Los dos hombres eran igual de ambiciosos, y cada uno tenía una esposa llamada Linda.

Esa primavera, Baker se estaba recuperando de un terrible accidente. Los frenos fallaron en su tractor y, después de rodar sin poder hacer nada por una colina, Baker había dañado su columna vertebral en un choque. Al enterarse de la desgracia de Baker, Jacobson llegó y se ofreció a sacarlo de la casa (examine más sobre estas cuestiones en la presente plataforma online de ciencias sociales y humanidades). Baker temía que nunca volviera a caminar, pero Jacobson era insistente. Ayudó a su amigo a subir al auto, y subieron a las montañas.

Cuando Baker descubrió por primera vez que Jacobson controlaba la promoción de McDonald’s Monopoly, tenía sentimientos encontrados. “Bueno, en 1985 perdimos nuestro hogar”, explicó. “Nuestra familia tuvo cinco hijos, y… durante los últimos años, como familia, hemos estado persiguiendo estas piezas del juego para… tener una pequeña esperanza de ganar a uno de ellos”. Las compañías de Baker debían casi $ 30,000. impuestos atrasados, y los funcionarios de impuestos del condado habían comenzado a vender parcelas de su tierra en una subasta.

“Déjame darte una hipótesis”, dijo Jacobson de repente. “Si pudiera obtener una pieza del juego, ¿conoces a alguien en quien confíes que pueda cobrarlo?”

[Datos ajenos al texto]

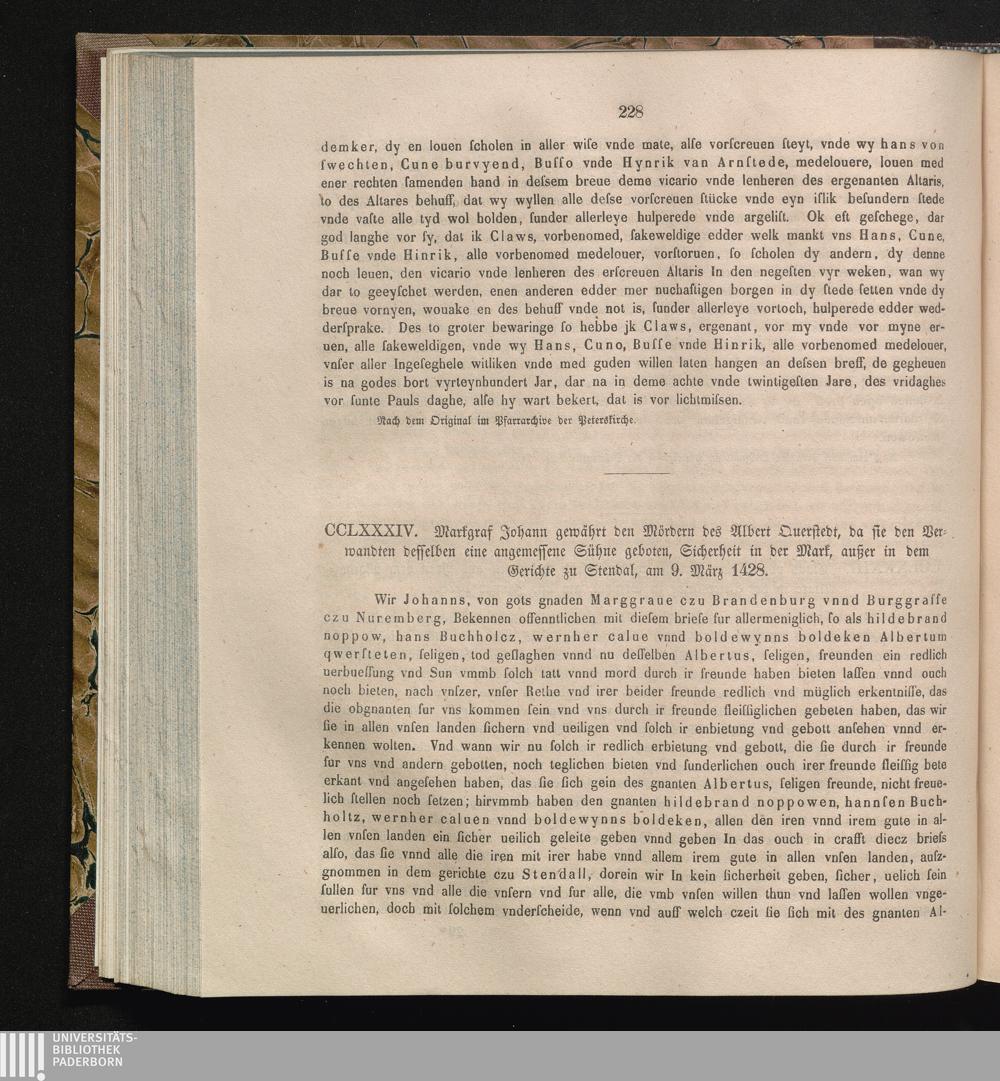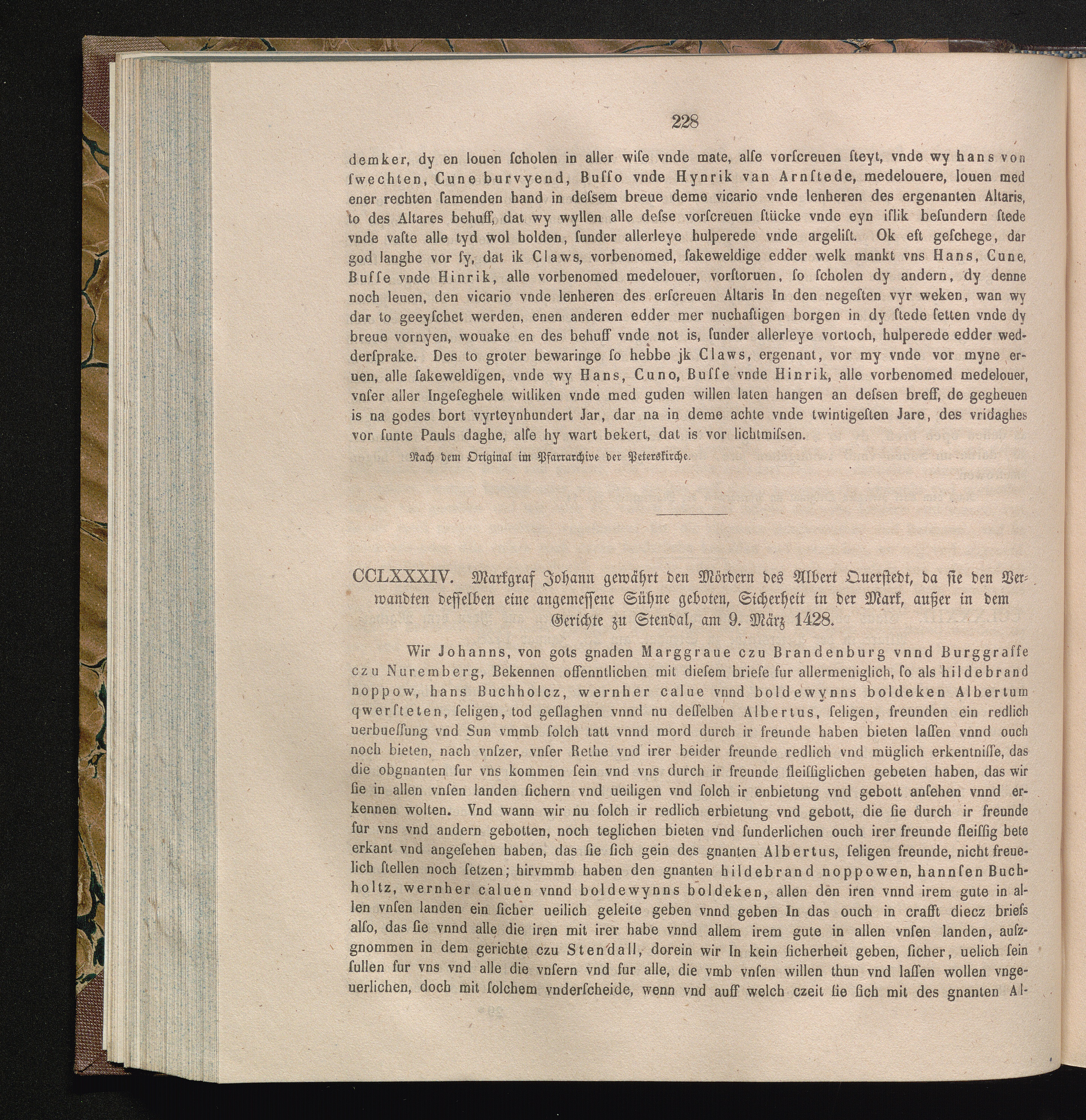 CCLXXXIV. Markgraf Johann gewährt den Mördern des Albert Querstedt, da sie den Verwandten[...]

“¿Hablas en serio sobre esto?” Preguntó Baker.

Dijo que tendría que pensar en ello.Si, Pero: Pero Baker pronto se dio cuenta de que una ganancia inesperada aliviaría sus problemas financieros. Pronto, Jacobson le entregó una pieza de juego de $ 1 millón. Quien lo haya redimido, le ordenó, tendría que decir que lo sacaron de una bolsa marrón. Esta vez, Jacobson quería $ 100,000, el mayor soborno (véase qué es, su definición, o concepto jurídico, y su significado como “bribery” en derecho anglosajón, en inglés) que jamás había exigido. “Era un amigo”, recordó Jacobson. “Pensé que podía confiar en él”.

“George, no vas a creer esto”, susurró Baker, inclinándose sobre una mesa de Waffle House en Séneca, Carolina del Sur. “Pero estaba desayunando con un amigo mío y él sacó esta pieza ganadora del juego”. George Chandler, de 30 años, era el dueño de una exitosa compañía de inyección de plástico y el hijo adoptivo de Baker. Chandler era un adolescente cuando Baker se lo llevó. “Un día apareció en nuestra puerta con lágrimas en los ojos”, recordó Baker. “Su mamá acababa de tirar su ropa en el medio del patio porque ayudó a su hermana a ir a Georgia a casarse”.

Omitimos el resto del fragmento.